After he left me I decided to walk around the floor a little bit. Finally, a rather large African American approaches me and says in a rather loud voice "Hey" to which I responded as any other neanderthal would with "Hey!" He looks at me and says your my celly? I look at him and say "your what?" He says you know, My celly! I looked at him and as innocently as I could said "Um what's a celly?" Finally exasperated, he asks if I was staying in the room at the end of the hall. Once I told him yes, he told me that he was my celly. So lesson one for prison, a roommate is a celly.

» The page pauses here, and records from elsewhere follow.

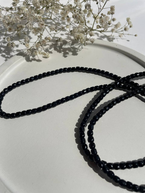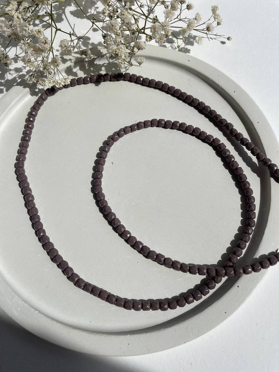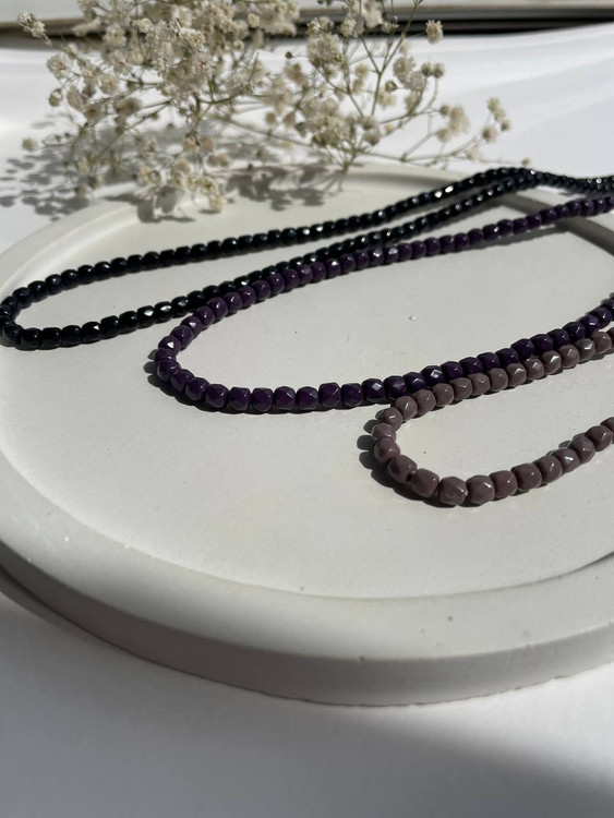 ست گردنبندهای شیک با مهرههای براق در رنگهای مشکی، بنفش و قهوهای خاکی. انتخابی خاص برای استایل روزمره یا لایهلایه با دیگر زیورآلات.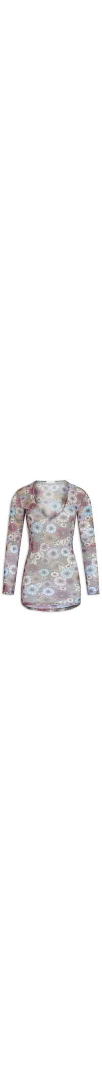 A blusa verde é confeccionada em tule. A peça justa ao corpo possui decote U, mangas longas, transparência, estampa floral em cores contrastantes e acabamento pespontado.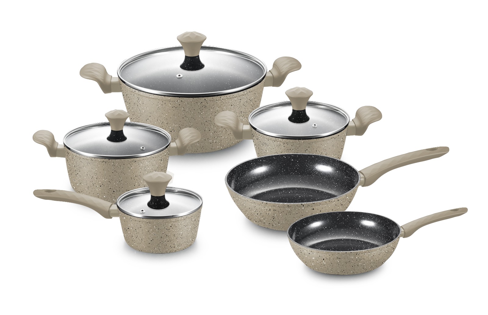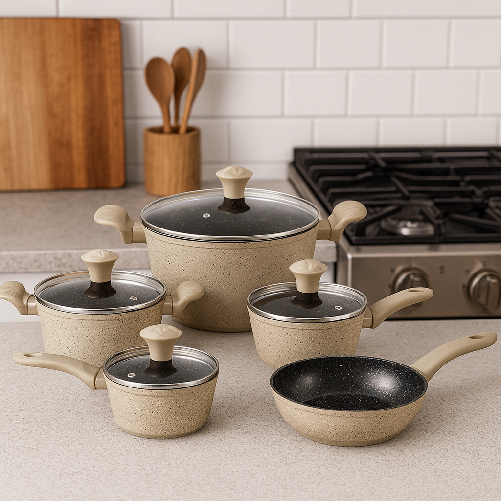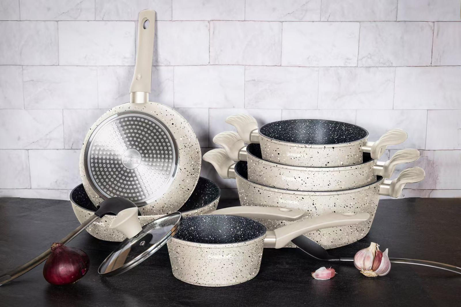 Royalty Line 10-delt Grytesett – Støpt Aluminium med Marmorbelegg, Beige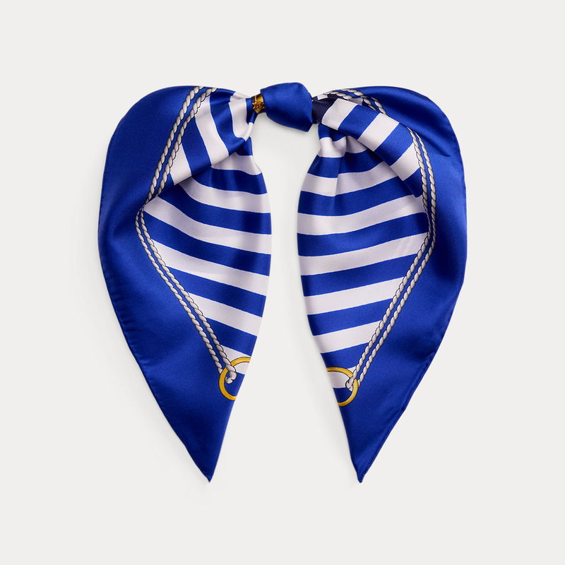 Striped Anchor-Crest Silk Square Scarf

That night he told me that he feels that the white man should agree to be enslaved for one week to the black man. He felt this is a reasonable request since the white man ensalved the balck man for 400 years in this country and he was only asking for a week. When I corrected him and told him that the US was only formed in 1776 and that slavery was abolished everywhere around 100 years later so his claim of 400 years was incorrect, he told me my numbers were wrong. Welcome to prison. Amazingly enough, I slept like a baby that night.

The point I am trying to make is that once the process of getting to prison is over, your mind can focus on other things. Even a hard day like the first day of prison can be laced with levity if the right attitude is maintained. In many ways freedom begins on the first day of prison.